Closed rcavaliere closed 1 year ago
I just saw now that the "messageType" field is different.
One record has the type Trasporti pubblici - Öffentliche Verkehrsmittel
and the other one is Situazione attuale - Aktuelle Lage
If you run this query you can see that the messageType in the metadata of the two similar records is different.
select e.name, m.json->'messageTypeDescIt',m.json->'messageTypeDescDe',m.json->'messageTypeId'
from event e
join metadata m on e.meta_data_id = m.id
where e.origin = 'PROVINCE_BZ'
and e.category = 'evento eccezionale - caso particolare | Sonderfälle'
and e.event_interval = '["2022-12-23 00:00:00",)'
order by e.id desc
Is this then correct how its is now or should I combine both metadata, to have only one record? Probably we need to discuss, on how to combine them.
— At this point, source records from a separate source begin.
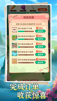 1.在你的庄园中种植各种各样的作物,完成一系列的订单任务,领取丰厚红包奖励,享受游戏的快乐。
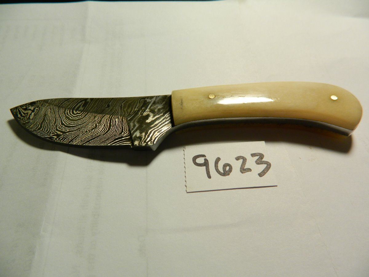 Skinner White Smooth Bone - 6" overall. 2 3/4" Damascus steel wide bellied skinner blade. Full tang. White smooth bone handles. Embossed brown leather belt sheath.
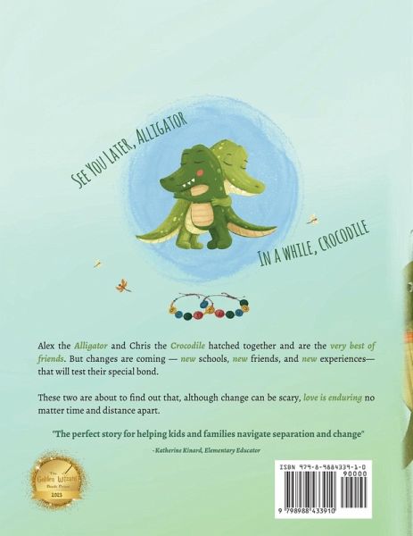 A heart-warming story about friendship, separation, resilience, and enduring love. The perfect story for helping kids and families navigate separation and change. Chris the Crocodile and Alex the Alligator hatched together and are the best of friends. But soon they learn they will have to navigate changes that all children face in one form or another. It is a story that reminds us that love is enduring despite time and distance apart. A wonderful resource for parents, teachers and counselors to help guide children dealing with separation anxiety or preparing for change: First day of school or nursery When a parent needs to travel or go back to work. Newly separated or divorced families learning how to live in apart Long trips or vacations Moving Dealing with any major change or big transition The situations, bond and solutions Chris and Alex's friendship impart can easily be transferred to the parent / child relationship or any other caring relationship where separation can be difficult. The book comes with a helpful list of tips and strategies for parents, teachers and caregivers. Workable ideas, activities and talking points that tie back to the story to help children manage and cope with anxiety, worry, and fear and to be more resilient and confident. "See You Later Croc-A-Gator" encourages children to embrace life's milestones and challenges, especially when it comes to separation from the familiar. A perfect gift for any family working through change.
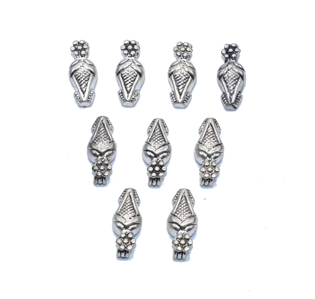 The Silver Kholapuri Beads 20 MM from Beadwaala are intricately designed metal beads that embody the rich cultural heritage of Maharashtra. Inspired by traditional Kolhapuri jewelry, these beads feature detailed oxidized silver patterns, making them ideal for creating statement pieces like necklaces, earrings, or bracelets. With a diameter of 28mm, they offer a bold presence in any jewelry design.
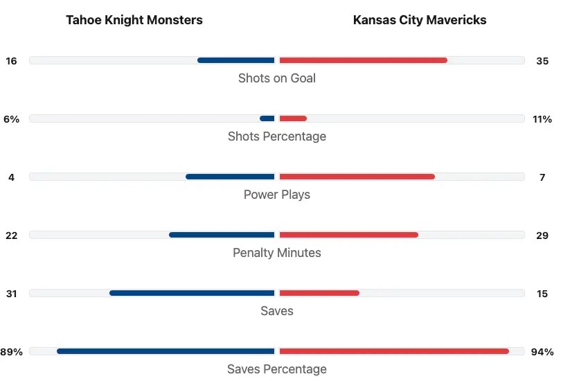 The Kansas City Mavericks outshot the Tahoe Knight Monsters 35-16. The Mavericks had the better shot percentage. Tahoe went 0 for 4 on the power play. Kansas City went 2 for 7 on the power play. Tahoe had 11 penalties totaling 22 minutes. Kansas City had 9 penalties totaling 29 minutes. Alex Tracy saved 31 of 35 shots for a 89% Save percentage for Tahoe. Jack LaFontaine saved 15 of 16 shots for a save percentage of 94% for Kansas City.
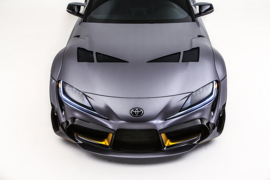 全新的空力套件設計大量糅進了TRD3000GT的經典元素之外,TCD部門更將TRD3000GT上的通風引擎蓋及大型尾翼直接移植套用,更自豪宣示能為GR Supra提供了更佳的空氣動力學,並將牛魔王應有線條表現的一覽無遺,後方採用HKS打造的排氣系統,塗裝則用上拉絲銀及金漆包覆,大膽展現出GR Supra的激進線條。
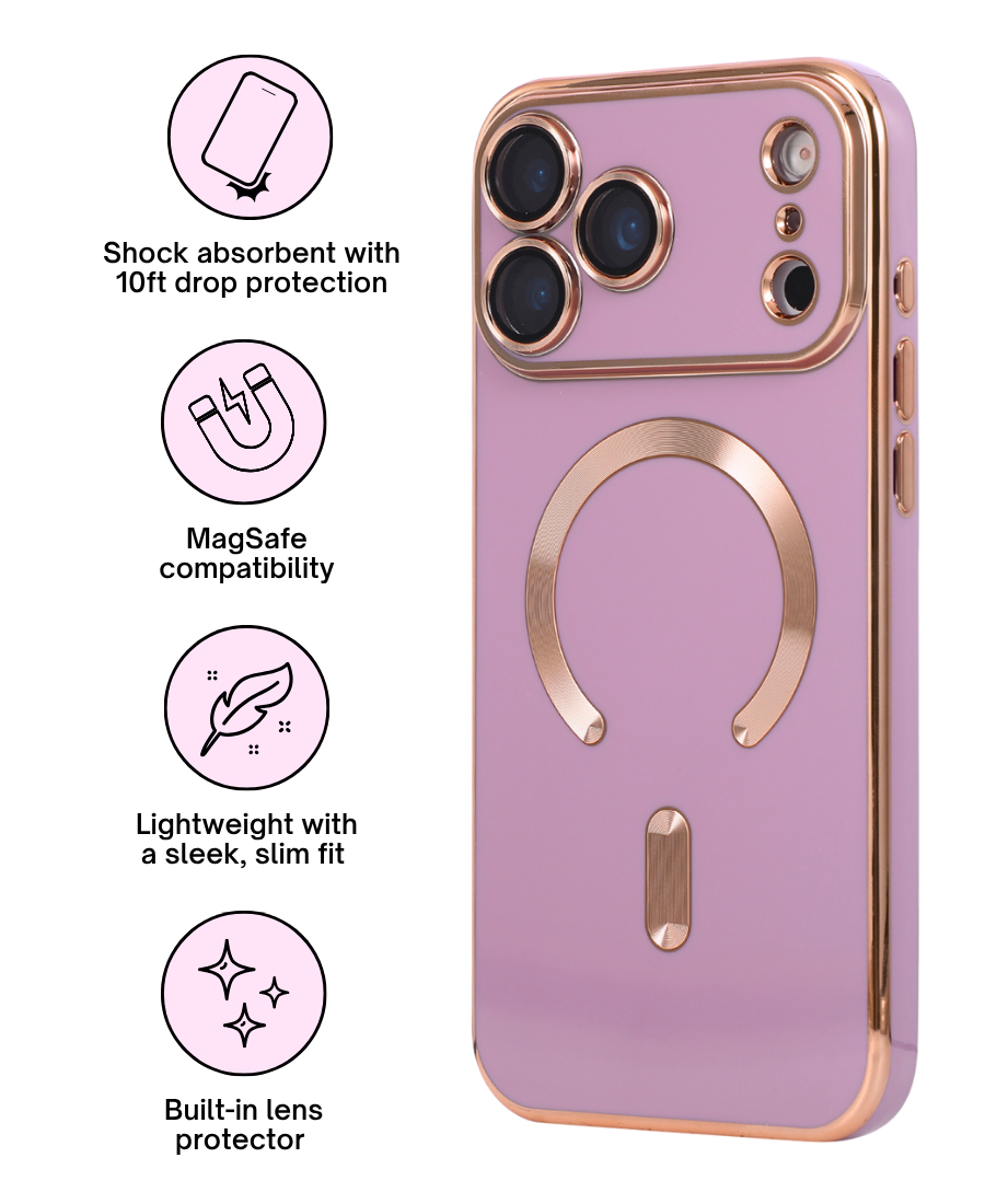 Introducing the protective Luxe MagSafe phone case, complete with rose gold detailing and a glossy finish. Built-in lens protector keeps your camera lens safe from bumps and scratches.
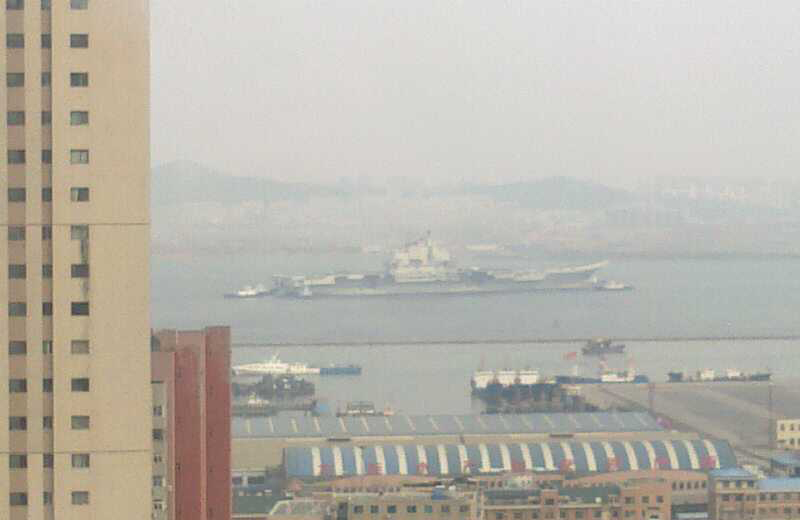 中國航母瓦良格號目前正在大連準(zhǔn)備第5次和第6次試航,圖為試航回航時的現(xiàn)場。
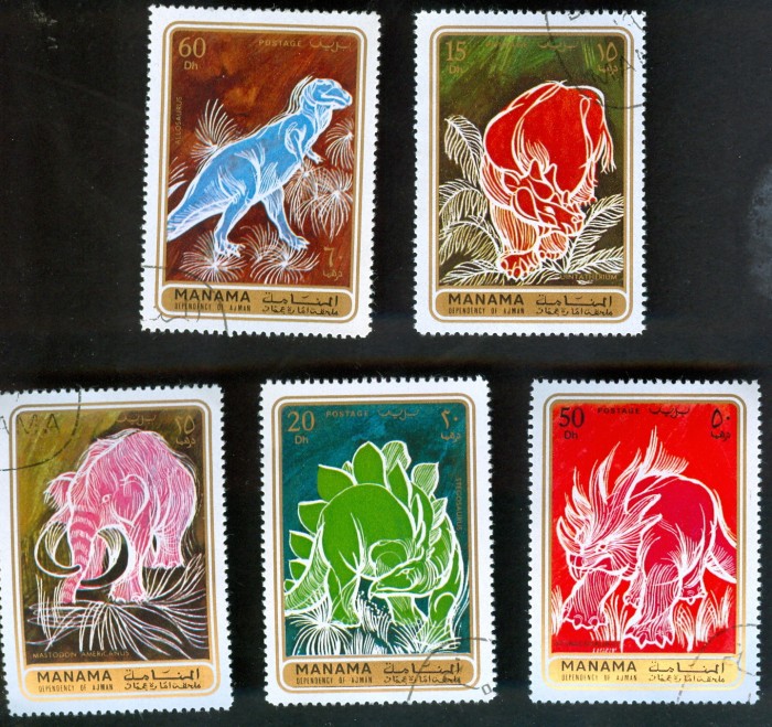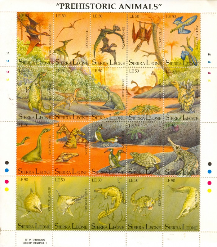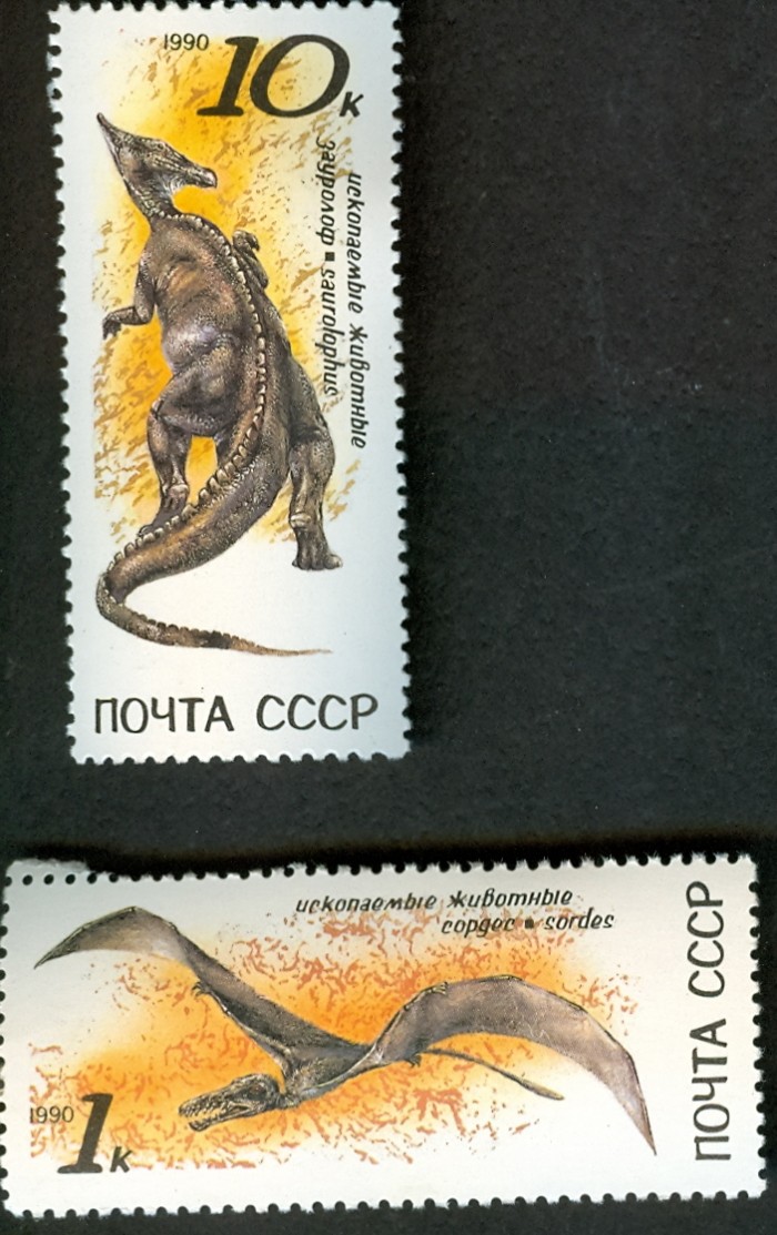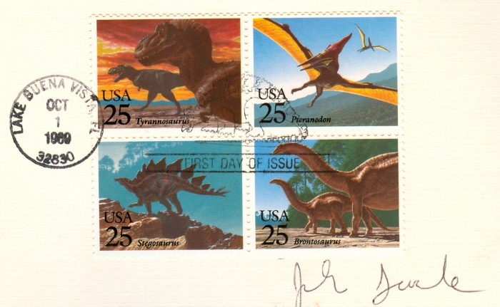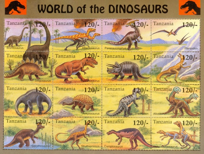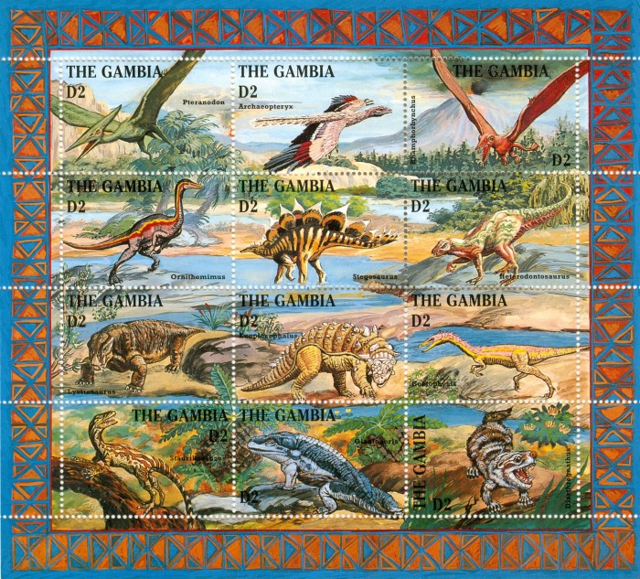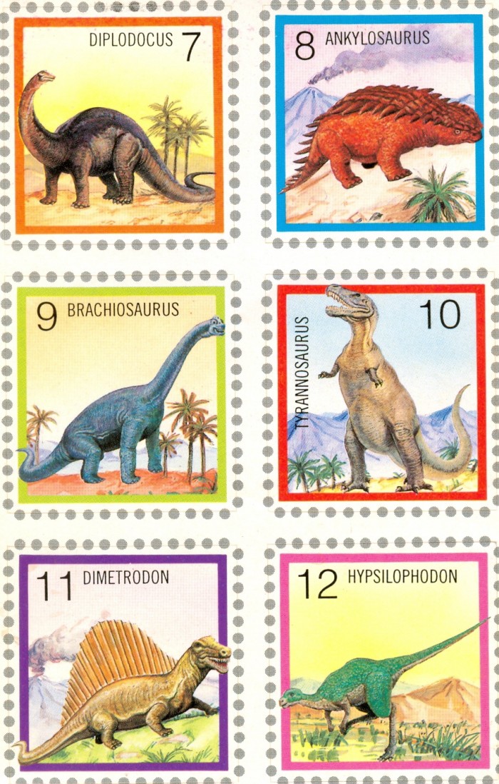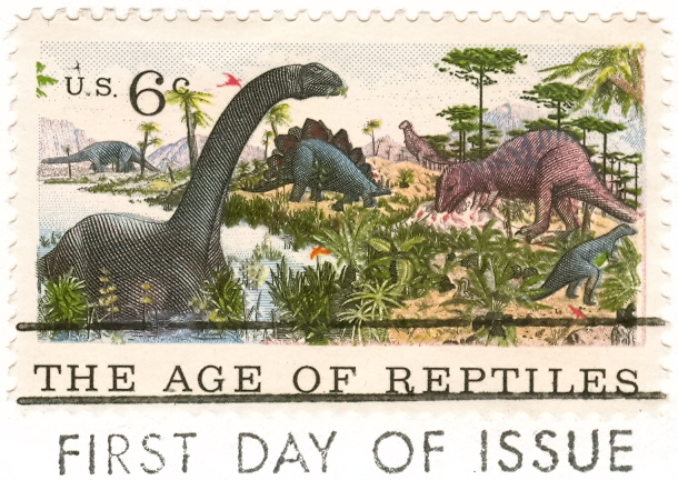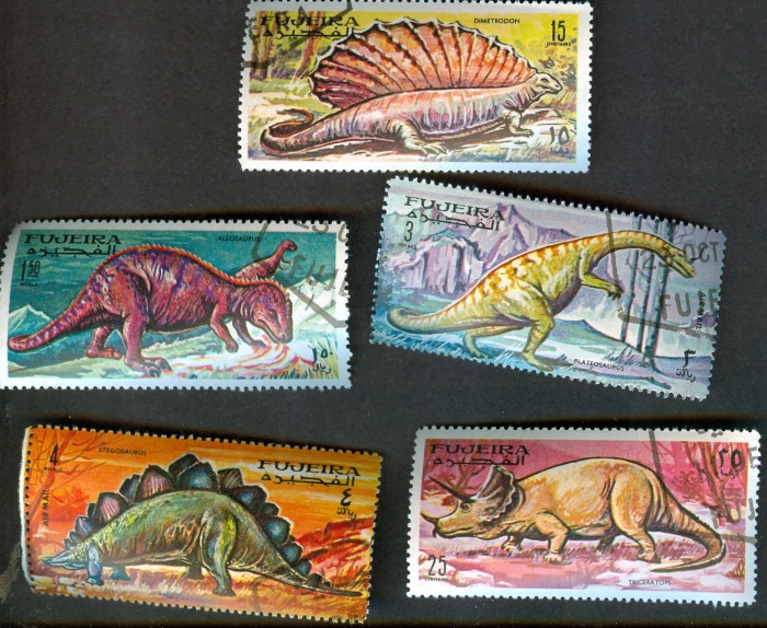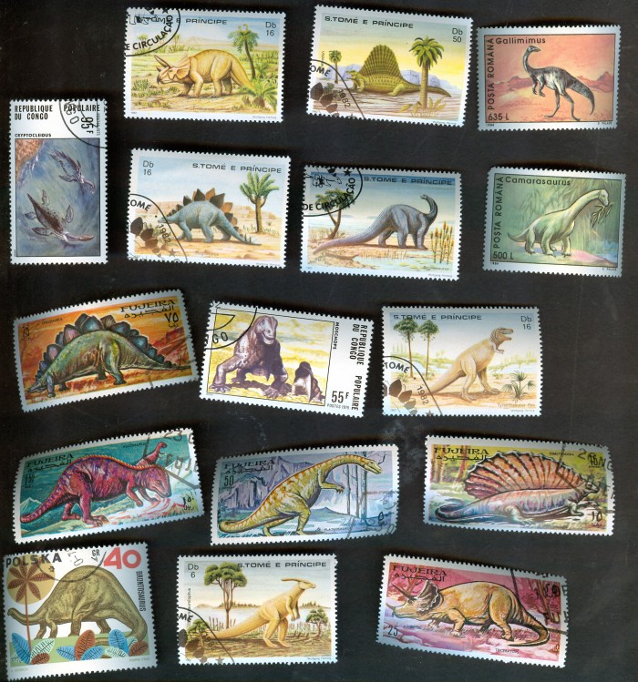 Although I’m not a postage-stamp collector, even of dinosaur-related stamps, I’ve somehow accumulate quite a few of them. Here are some examples (excluding the stamps featuring the art of James Gurney).

@dulvui ok, at least this explains this situation and it's good to hear that we don't have issues at the Data Collector. On the other side, as you say, this might not be the intended result we want to have. Let me investigate further, then let's decide how to proceed
@dulvui let's discuss this together. We need to deepen the logic with which the Data Collector considers an event unique. If I remember well, the point is in the way the value events_series_uuid is calculated
@rcavaliere Okay, I will check in the data collector, how this uuid is composed before our meeting
@dulvui I think the bug is still present. Check for example through analytics, and set this configuration:
I see for example the event " Bei Gfrill (km 9,950 - km 10,050) " 6 times! Can you find these records in the database, and understand, why we have 6 records for the same event?
@rcavaliere I checked now and there are some differences between the records.
The fields messageId
, acutalMail
and publisherDateTime
are different for this 3 records.
In the uuid the filed messageId
is used, so removing that field, might solve the problem.
Should I change the datacollector, so that this events get merged into one, by removing messageId
from uuid?
@dulvui yes, let's try this!
@rcavaliere I checked now again and the last changes I made 3 weeks ago (31.03.2023) by removing messageId from the uuid field worked. Now there are no duplicate events anymore, if you query events starting from the date 01.04.2023.
Now the fields that compose the uuid are beginDate
, endDate
, lognitue
and latitude
. So only if one of this fields changes, a new event is created.
Here a query to verify that there are no duplicates:
select e.created_on, e.description, m.json -> 'placeIt', l.geometry, event_interval , e.uuid from "event" e
join metadata m on e.meta_data_id = m.id
join "location" l on e.location_id = l.id
where e.origin = 'PROVINCE_BZ'
and e.created_on > '2023-04-01 00:00:00.000'
order by m.json -> 'placeIt' desc
On analytics its a bit difficult to see, because there are events created before the 01.04.2023 still showing up now. So there are still duplicates, but they where created before the change.
I found only one duplicate now, where the position of the event slightly changed. You can find that entry with this query:
select e.created_on, e.description, m.json -> 'placeIt', l.geometry, event_interval , e.uuid from "event" e
join metadata m on e.meta_data_id = m.id
join "location" l on e.location_id = l.id
where e.origin = 'PROVINCE_BZ'
and e.id in (3016591, 3016590)
@dulvui that's very good! If you go on analytics and check the data on the map you feel that now the quality is much better and more "realistic". I have to check better, but I think that we have also some issues in the categorization of the events, check for example this
@dulvui I think that for this Data Collector we are now fine with the data stream, but we have issues in the visualization of the information on analytics. Together with the visualization of the map (see comment above), also the events in the tab view has something to correct.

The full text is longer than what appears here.